I just uploaded a (really) minimal demo project for my port:
https://github.com/thomask77/STM32F4_demo
have fun,
Thomas Kindler
zbrozek wrote on Wednesday, January 25, 2012:
Is there any word on when/if this unofficial port will be made official? Or if there will be an official port sometime in the nearish future?
Cheers,
Sasha
johnsotack wrote on Tuesday, January 31, 2012:
If I run with a single task the assert fails for the line in bold. More specifically, if I remove the comments from the task create below, everything will work.
void DebugUART::Start()
{
// Init the Debug UART then start the task.
SerialDebugUARTInit();
// xTaskCreate( vDebugUARTOutputTask, (signed char *) “DebugUART”, configMINIMAL_STACK_SIZE,
// NULL, mainDEBUG_UART_TASK_PRIORITY, &hDebugOutputTask );
}
My solution was simply to run with two tasks. I don’t know if this is a bug or something I am doing wrong. By the way. Thank you for the port. The STM32F4 series seems very nice in many respects. It is nice to have a FreeRTOS port for it.

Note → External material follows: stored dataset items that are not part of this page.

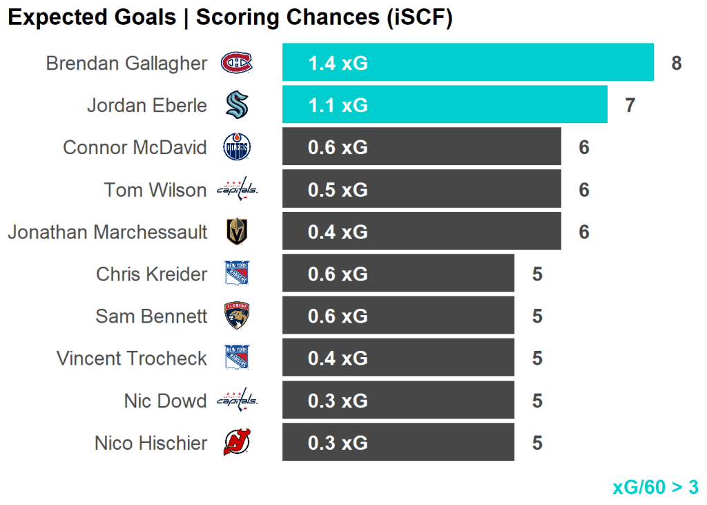 | Jordan Eberle | Seattle Kraken | 4 | 12.41 | 7 | 1.07 |
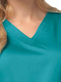 This Contemporary fit stylized V-neck top has a bungee ID badge loop on the right shoulder yoke seam, a notched back neckline and a curved back yoke seam. Other features include front and back princess seams and a rounded hem....
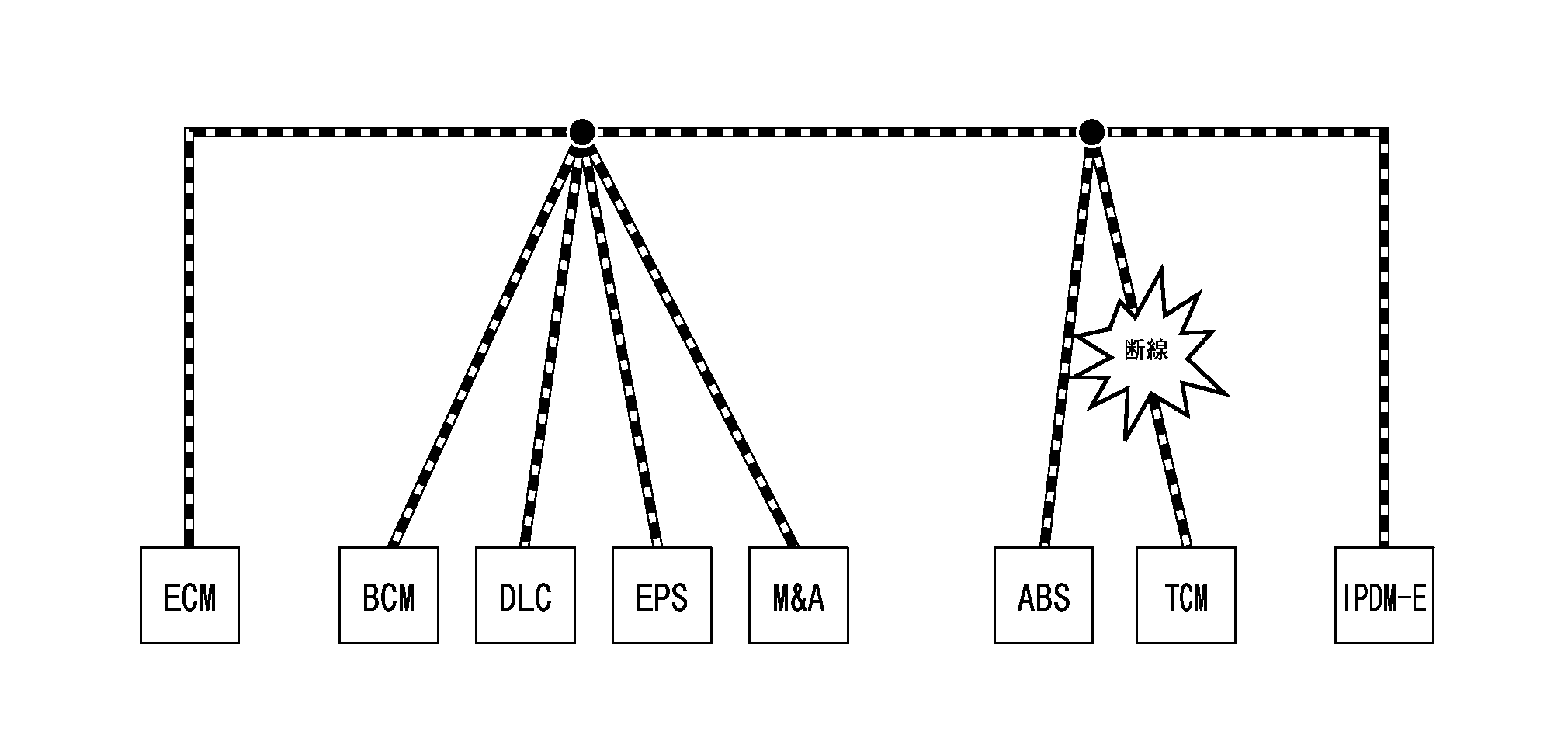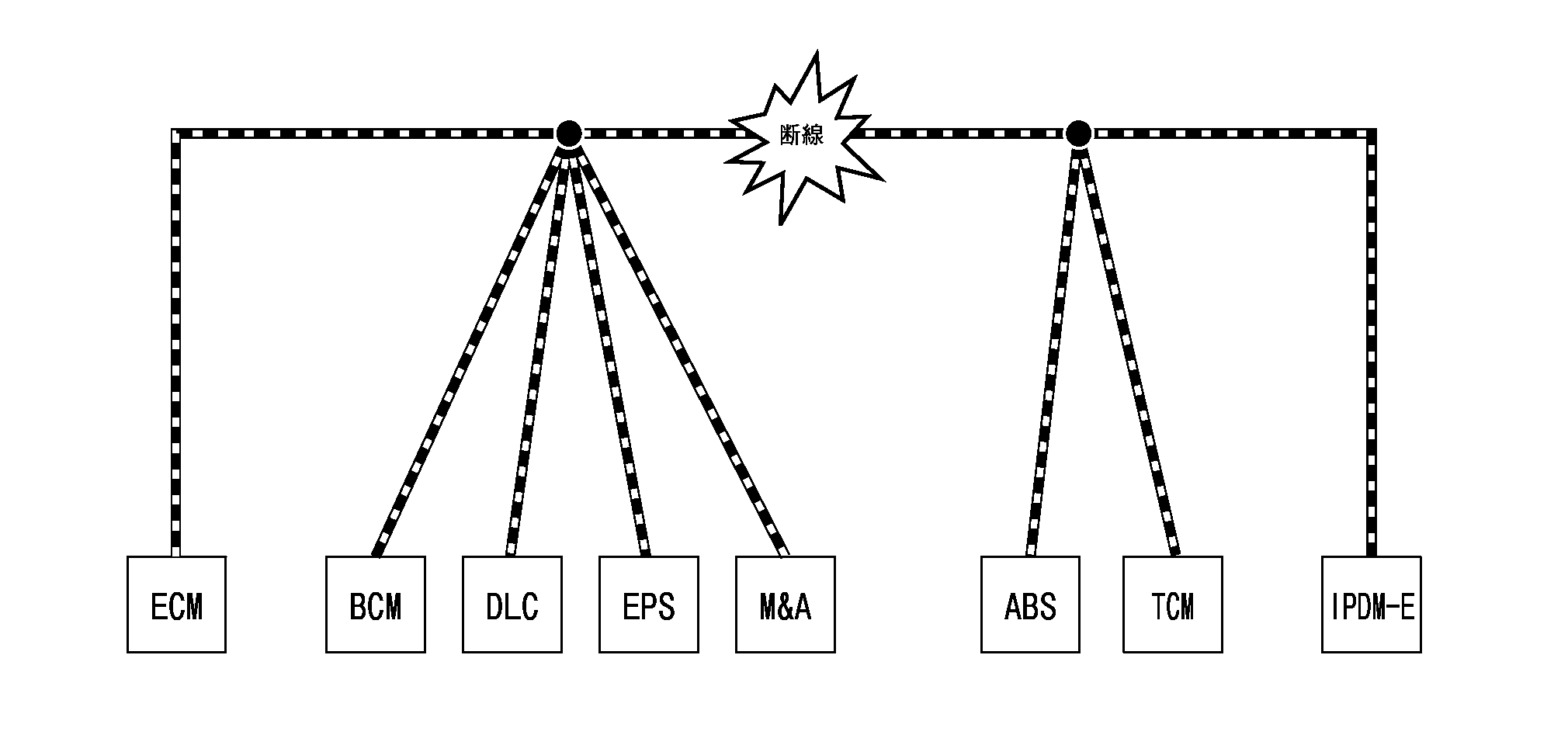 CAN通信システムは複数のユニットが互いに信号を送受信している。CAN通信線に断線等の不具合が発生すると、各ユニットが制御に必要な信号を送受信できなくなる。よって不具合箇所に関連した複数のコントロールユニットが作動不良又はフェイルセーフモードになる。

void vTaskSwitchContext( void )
{
.
.
.
while( listLIST_IS_EMPTY( &( pxReadyTasksLists ) ) )
{
configASSERT( uxTopReadyPriority );
-uxTopReadyPriority;
}
/* listGET_OWNER_OF_NEXT_ENTRY walks through the list, so the tasks of the
same priority get an equal share of the processor time. */
listGET_OWNER_OF_NEXT_ENTRY( pxCurrentTCB, &( pxReadyTasksLists ) );
traceTASK_SWITCHED_IN();
}
}
John